March 2007 - Radio Dial

Connecting the Dots Between Radio and the Internet

By Ken Michelini

Being from Detroit, I recently found myself in the not-so-unusual conversation with a senior automotive brand manager discussing the fall of newspaper. Or, so you would think. “Sure circulation is down,” he said, “but they’ve found a way to move revenue to the Internet.”

“How is that possible,” I asked, “when radio and TV have had such a struggle?” Well, as it turns out, newspapers always have been a little closer to the consumer at the time of purchase. That doesn’t mean they are better at reaching their consumers; it just means they reach consumers differently.

When anyone buys anything, regardless if it is bubble gum or a Cadillac, they go through a process. First, they are made aware of the product, followed by comprehension of it (luxurious leather seats!). After comprehension comes conviction (I’m going to buy a Cadillac), and finally, there’s a call to action. The call to action can be your child asking for the gum or a neighbor coming home with that new car, but usually it’s direct mail or a print ad spelling out the details of the offer.

One of radio’s strengths always has been creating awareness and conviction. But it doesn’t command the same reach as TV. This makes DR radio extremely difficult to execute and explains why DR radio agencies are few and far between. But now, the Internet has leveled the playing field and radio stations are feeling the pressure to deliver.

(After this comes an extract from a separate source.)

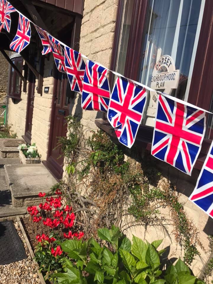 The photographs show the bunting outside Krumbs Cottage on the High Street in Broadwindsor together with the beautiful blue poppies shown below. Enjoy the sunshine. Enjoy the day. #StayAtHome #StaySafe #StaySane 🙂
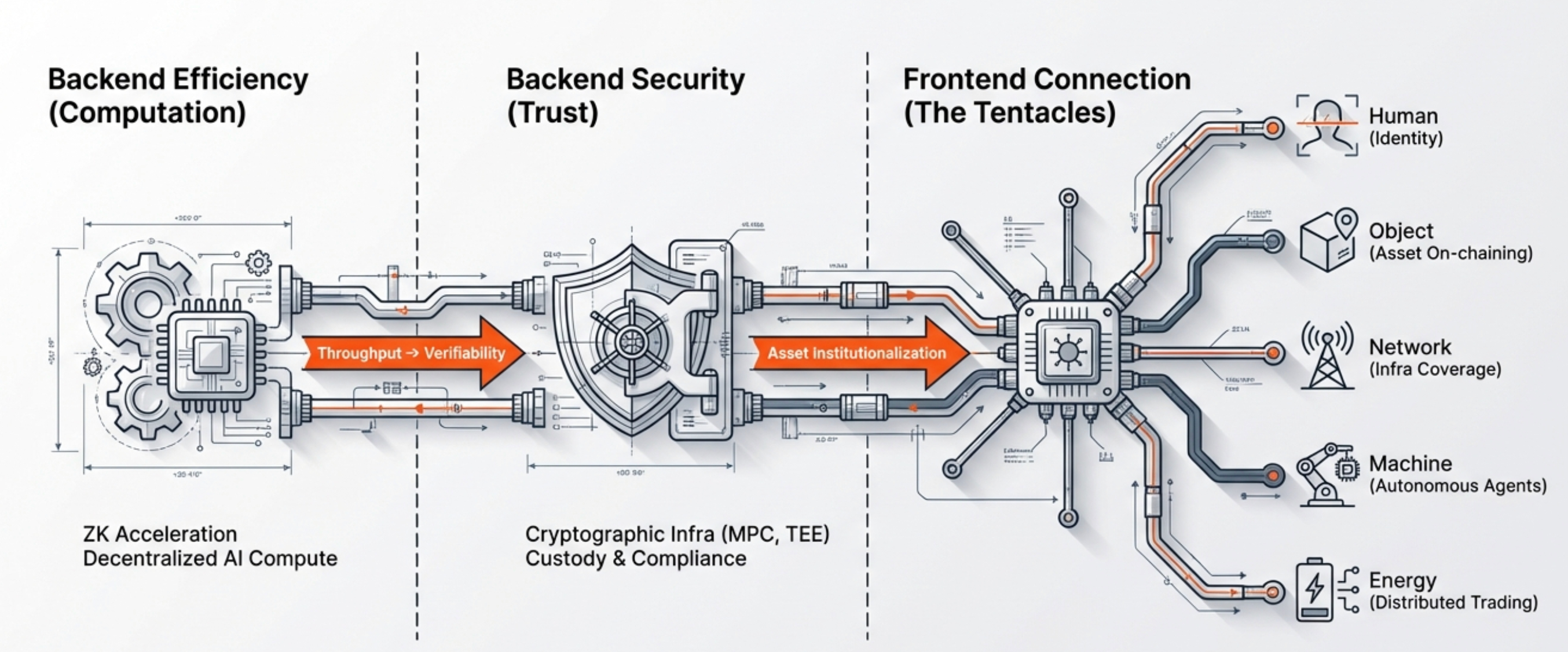 The simplest classification standard is the vertical perspective based on the industry chain and customer segmentation. In terms of industry links, Foundational Compute (Chip Layer) is the bedrock of the entire industry. Whether for institutional custody or DePIN, everything ultimately relies on performance breakthroughs in specialized chips (ASIC/FPGA/TEE). This reveals the "Hard Tech" attribute of this sector.

Traditionally, media buyers hold an adversarial position with station reps, treating each “buy” as a commodity. In DR radio, media buyers look to partner with station groups so they can best solve both their problems and then duplicate the successes nationally. When radio falls short with reach, it more than makes it up with frequency, loyalty and local community ties. Radio has been cultivating loyalty clubs for years, and we’re just now starting to harvest their customers through permission marketing campaigns.

“Having come from newspaper, I can see the work ahead of us,” says Lisa Mabry, director of web services at Radio One. “But what sets us apart is our ability to deliver an integrated media strategy. Technology is evolving in our favor. We can run a DR campaign online like everyone else, but branding happens through the ears, and print just can’t compete.”

Ann O’Neil is CEO of imX Solutions, a stored value solutions provider specializing in two-factor security. “We see radio differently than other media,” she says. “They have a vested interest in protecting their listeners’ privacy, and that, we believe, is the future of the Internet.”

Another emerging and key component of DR radio success is the development of online training platforms. These platforms network stations and call centers in giving media buyers control of both the on-air and call center sales pitch.

As consumers find more choices, agencies are feeling pressured to deliver accountability. An integrated radio/Internet strategy will separate the marketers interested in growing their share from those simply seeking the sale.